How to complete this task: Please output every line of the material as it stands, without the pictures.

Input data:
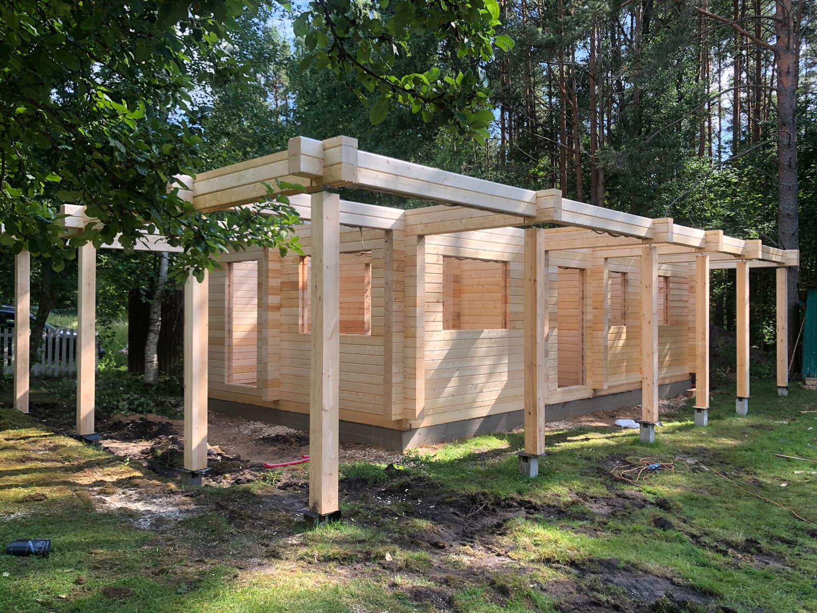 • Срок строительства – возводится немного дольше брусовых вариантов
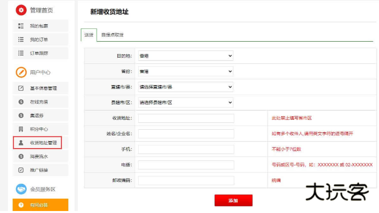第五步 在“收货地址管理”添加您香港的收货地址信息
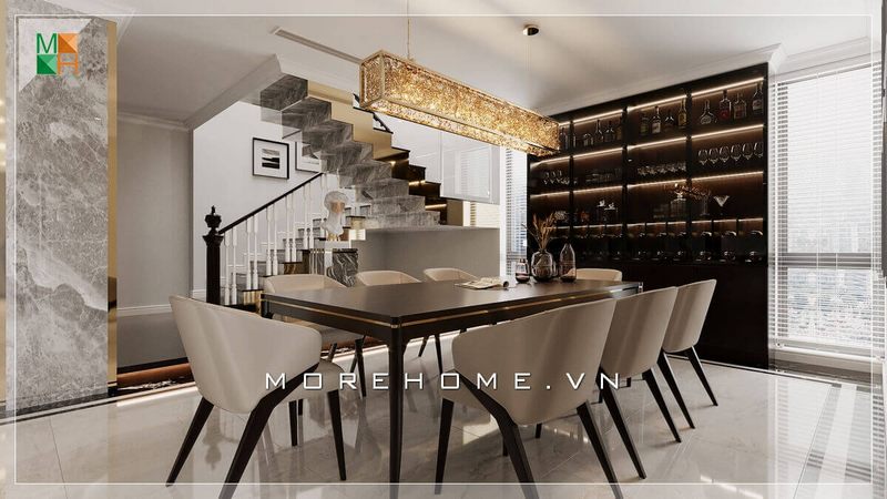 Một mẫu thiết kế sắc nét về không gian phòng ăn đẹp, sang trọng tiện nghi hiện đại cho chung cư, nhà phố, biệt thự.

Response to the task:
 • Срок строительства – возводится немного дольше брусовых вариантов
第五步 在“收货地址管理”添加您香港的收货地址信息
 Một mẫu thiết kế sắc nét về không gian phòng ăn đẹp, sang trọng tiện nghi hiện đại cho chung cư, nhà phố, biệt thự.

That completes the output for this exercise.